Delir couldn’t understand what they were saying to him, couldn’t answer properly: his clumsy competence with Sinoan knocked all at once into pieces. Ziye tried, in a flat, reasonable voice, to translate for him, and they shouted for her to be silent, one of them threw a slap at her face which she blocked without thinking, and at that they bundled her to one side; they grabbed Delir and swung him away from her. Three of them headed for the van she and Delir had left, and Delir stared back towards where Lal was and couldn’t speak or think or pray, or even decide what to hope for –
don’t let them find her
, or
don’t let us be separated
…
Then they came out of the van without her and began swiping fiercely but uncertainly at the reeds, making Delir’s pulse hitch, like a fish hook through his heart. She had to be very, very near, she’d hear if he called to her, he could be sure where she was. What would happen to her if she were left behind with nothing, and here where someone must
surely have informed on them?
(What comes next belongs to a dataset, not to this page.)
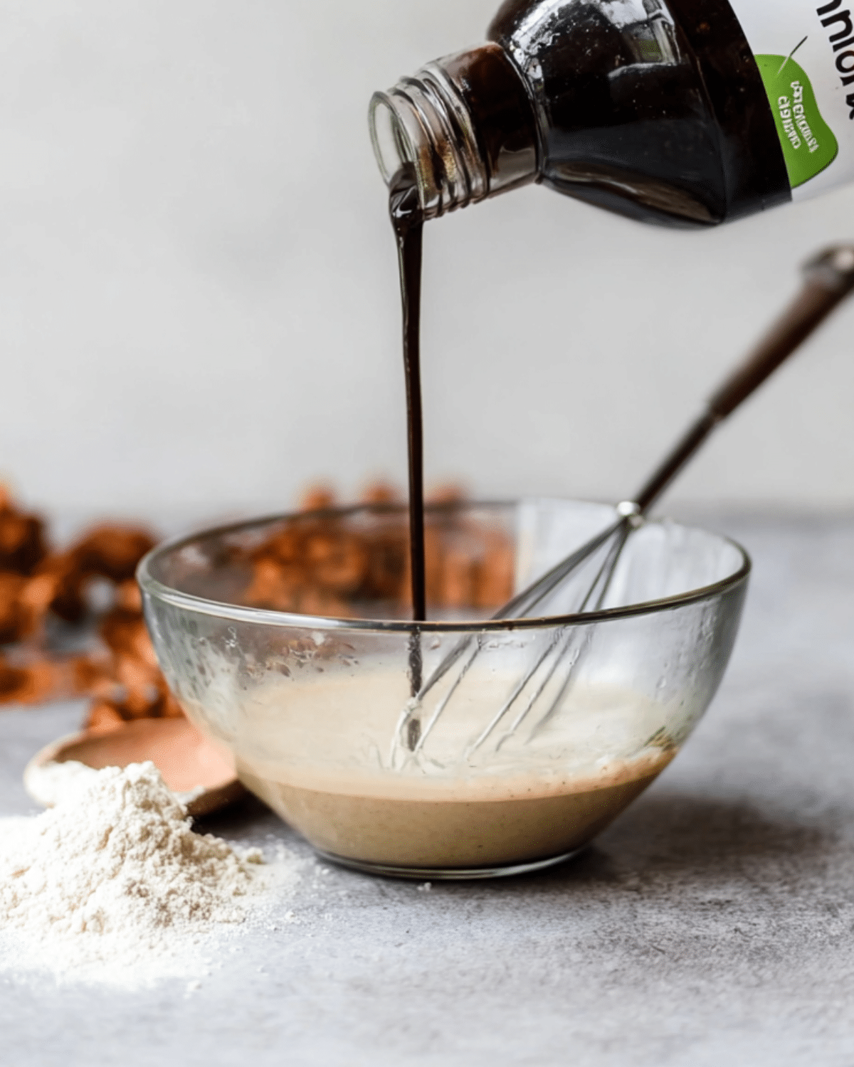 - In a separate large bowl, whisk together egg, molasses, coconut sugar, vanilla extract, and milk.

What would they do if they found her?
But he couldn’t make a sound, until they came back and shoved at him again, ordered him to say whether there had been anyone else. He understood that, and whispered, ‘No.’
Lal crouched, paralysed, among slippery weeds. The air buzzed with insects; her right foot and half the hem of her dress were submerged in sticky, blood-warm water. She had dived so quickly, and so automatically into the swamp ground beside the track that she could scarcely remember doing it. She clasped her hands over her face and cried, shallowly at first, easing the pressure of panic and helplessness as she might have at any ordinary hurtful thing and broke into gulping, messy sobs of desperation only when she heard, without wanting to listen or bearing to look, the van moving away, the police vehicles following sternly behind. Her father and Ziye were there, somewhere, they were being carried back the way they had come, towards the highway; they were gone. An empty hush flooded everything for a moment, in which she could only hear herself snivelling and trying to tell herself that it was somehow all right. Then the quiet filled with the louder triumphant gloating of the mosquitoes and birds, barges hooting on the river, the roar of the road.